Is the time evolution of the universe cyclic?

Question

If we can assume that quantum mechanics does not have a bound on its applicability, i.e. there are no inherently classical properties of the universe, we can represent the physical state of the entire universe with a state vector $|\psi\rangle$. From normal quantum mechanics we know that the operator governing the evolution of this system, in natural units, is $\hat{U}(t)=\mathrm{exp}(-i\hat{H}t)$, assuming that there are no forces changing $\hat{H}$ at any time.

Here are my first questions. Can we assume that $\hat{H}$ of the universe will stay constant, and whatever model that can bring together gravity and all of the other quantum phenomena will be in agreement with the assumptions I made in the first paragraph?

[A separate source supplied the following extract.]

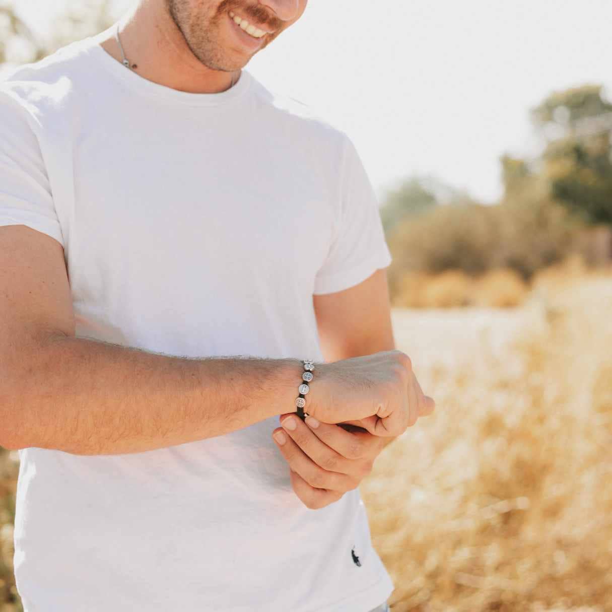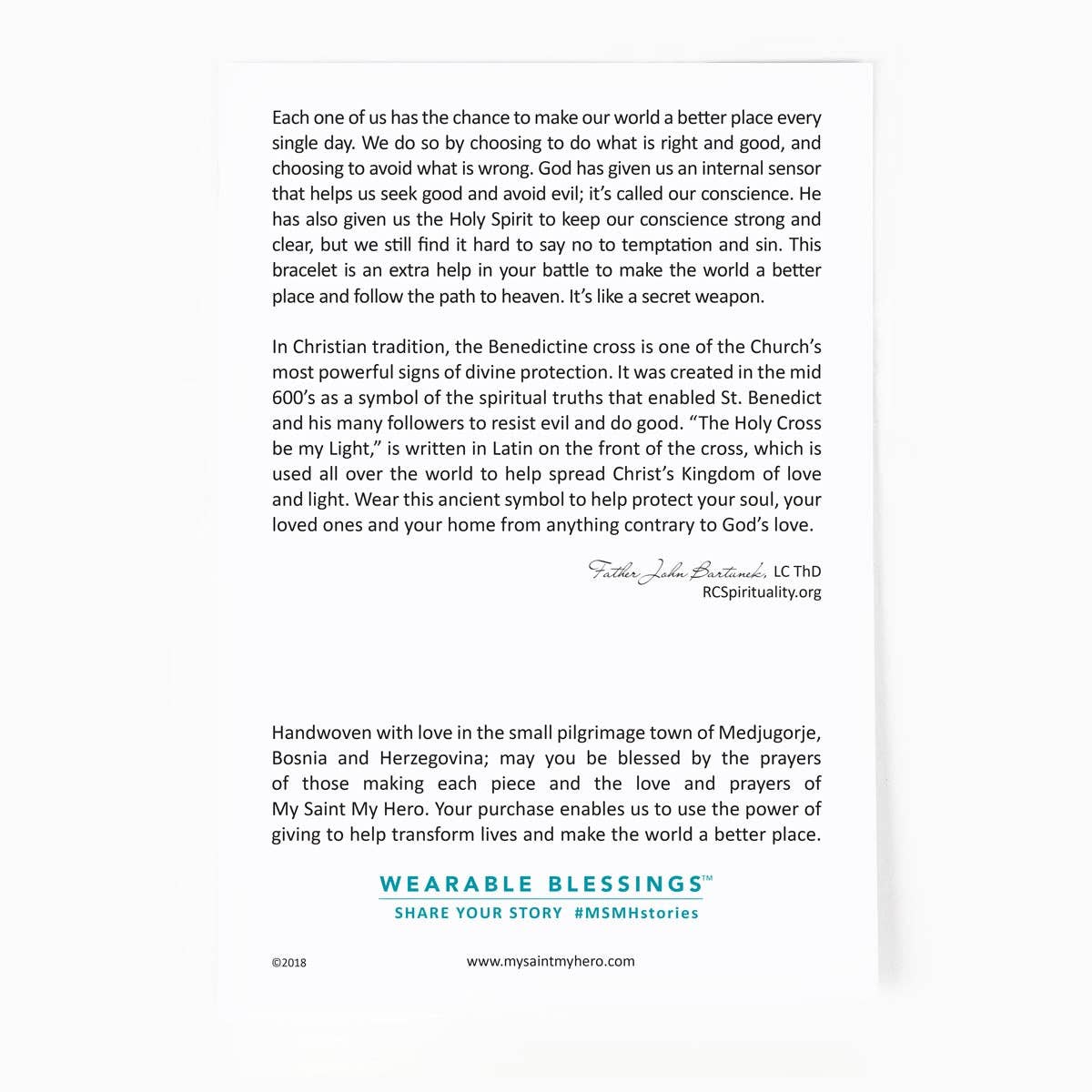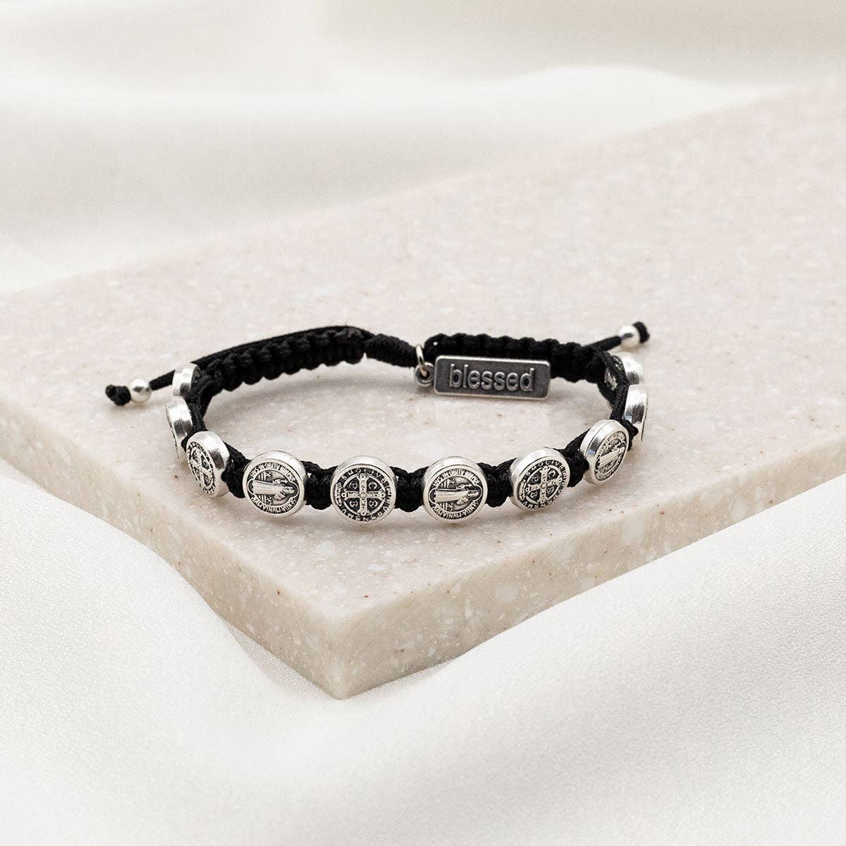 Benedictine Blessing Bracelet for Him - Black / Silver The Blessing Bracelet for Him is sized larger than our other bracelets Adjustable slipknot black cording which opens to 11", closes to 7.25" This protection bracelet is handwoven in Medjugorje, Bosnia and Herzegovina 10 silver tone Benedictine Medals and our signature "blessed" tag Medals hand-cast in Italy Men's Benedictine Blessing Bracelet comes on an inspirational card telling the story of the powerful protection of the Benedictine Medal.

If we can assume these things to be true, here is my next assumption. The $\hat{H}$ will have a $\hat{V}$ term, of course. In any Hamiltionian with $\hat{V}$ I have seen, the energy eigenstates form a discrete basis. I will assume now that the universe will have a discrete energy basis as well. Is this a good assumption?

Given all of these assumptions, we can express $\hat{H}$ in the energy eigenstate basis as a diagonal matrix with the energy eigenvalues as diagonal terms, denoted here as $\hat{H}_{ii}=\Lambda_{i}$. If one calculates the matrix exponential for a diagonal matrix, one will get a diagonal matrix with values on the diagonal $\hat{U}_{ii}=\mathrm{exp}(-i\Lambda_i t)$.

If one wants to show that the time evolution is cyclic, one must show that for some $t_c\neq0$, $\hat{U}(t_c)=\hat{I}$ which corresponds to all of the exponential terms being equal to one. Further one must show that this condition is fulfilled periodically. From fourier series analysis we can say that this is true, as the diagonal values are just complex exponentials spinning at different frequencies, corresponding to a truncated fourier series.

Answer 1

What you are referring to is called a "quantum revival" via a recurrence theorem (although your math/logic I can't completely follow). Any isolated system experiences such a revivial.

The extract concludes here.